- Theatrical release poster
- Directed by: Rohan Mapuskar
- Written by: Rohan Mapuskar
- Produced by: Rajesh Mapuskar Madhukar Kotian Jogesh Bhutani Maurice Noone
- Starring: Sajiri Joshi Aaryan Menghji Shreyas Thorat Manthan Kanekar
- Cinematography: Apoorva Shaligram
- Edited by: Ninad Khanolkar
- Music by: Rohan-Rohan
- Production companies: Mapuskar Brothers Fingerprint Films Nexus Alliance Think Tank
- Distributed by: AA Films Sunshine Studios
- Release date: 23 May 2025;
- Running time: 129 minutes
- Country: India
- Language: Marathi
- Box office: ₹1.24 crore

= April May 99 =

2025 Marathi film by Rohan Mapuskar

April May 99 is a 2025 Indian Marathi-language coming-of-age film directed by Rohan Mapuskar in his directorial debut. The film stars Sajiri Joshi, Aaryan Menghji, Shreyas Thorat, and Manthan Kanekar in lead roles, supported by an ensemble cast. Set in 1999 in Shrivardhan, a coastal village in Maharashtra's Konkan region, the film follows four teenagers whose friendships are tested during a transformative summer in the pre-digital era.

The film was theatrically released on 23 May 2025 and received positive reviews, with praise directed towards its performances, nostalgic themes, and setting.

== Plot ==
Set during the summer of 1999 in Shrivardhan, the film follows three 14-year-old friends—Krushna, Prasad, and Siddhesh—who look forward to their school vacation filled with cycling, games, and carefree exploration. Before the holidays begin, Prasad's father plans to send him to Mumbai for an English-language course, a decision Prasad and his friends strongly resist.

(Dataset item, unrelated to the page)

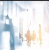
पटना, 01 नवंबर (एजेंसी)। प्रदेश में किसी भी श्रेणी के अस्पताल, नर्सिंग होम के साथ किम्यूरी या मेडिनिटी अस्पताल के संचालन के लिए निम्नलिखित अधिनियम रूप से करण होगा। बिना निम्नलिखित अस्पताल चलाना संभव नहीं हो पाएगा। संबंधित अस्पताल को निम्नलिखित के साथ ही न्यूनतम मानकों का भी पालन करना होगा। सरकार ने इस कार्य को प्राथमिकता के आधार पर करने के लिए विभागीय लेटराईनमेंट प्रवर्तन कार्यों को क्रियान्वित करने के लिए राज्य परिषद पर जिसला रजिस्ट्रेशन प्रक्रिया का पुनर्निर्माण कर दिया है। जिसको अधिसूचना स्वास्थ्य विभाग ने सफलता के साथ कर दे निम्नलिखित के अन्तर्गत के न्यूनतम मानकों का अद्ययावत

स्वास्थ्य सचिव करण, जबकि इस परिषद में सदस्य सहित सभी निदेशक प्रमुख प्रशासन। सदस्यों में सदस्य के रूप में बिहार कार्डिसिल ओईफ्फिस रजिस्ट्रेशन के अध्यक्ष, डैटन कार्डिसिल के प्रतिनिधि, निदेशक निदेशक निदेशक, निम्नलिखित परिक्षण के निदेशक, फूड परिक्षण के अध्यक्ष, आर्युवेदिक, सिद्धि एवं न्यूनतम परिक्षण के प्रतिनिधि, आद्यरक्षण के अध्यक्ष, एपामेडिकल से संबंधित प्रतिनिधि, प्रशिक्षण रैडक्राफ्ट सोसाइटी के प्रतिनिधि, मेडिकल कलेज के प्रतिनिधि रोगी/लोकिक जिवात स्तर पर गठित रजिस्ट्रेशन प्राधिकरण में जिला/किसी को अध्यक्ष पर का जिम्मा सौंपा गया है। संबंधित स्विकार करने होंगे। विकास अनुभू और जिला आद्यरक्षण के अध्यक्ष को शास्त्रिक जिला का अध्यक्ष होगा। विभाग के अनुप्रार किसी भी अस्पताल को निम्नलिखित के लिए न्यूनतम मानकों का पालन करना होगा। निम्नलिखित कार्याचार्यों की अनुमति आवेदन किया जाएगा। जिसमें भी मेडिकल रिकार्ड हैं उनका व्यवस्थापन करना होगा रिपोर्ड उपलब्ध कराने की व्यवस्था करनी होगी। रजिस्ट्रेशन के लिए अस्पताल को निर्धारित फीस के साथ आवेदन या अपलोडेशन आवेदन देना होगा।

The boys’ plans change when Jaie, a girl from Pune visiting her aunt for the summer, arrives in the village. Prasad's father subsequently cancels the Mumbai plan on the condition that Jaie tutors Prasad in English during the vacation and that he assists her in adjusting to village life. Jaie's presence gradually alters the dynamics of the group, initially causing friction and resistance among the boys.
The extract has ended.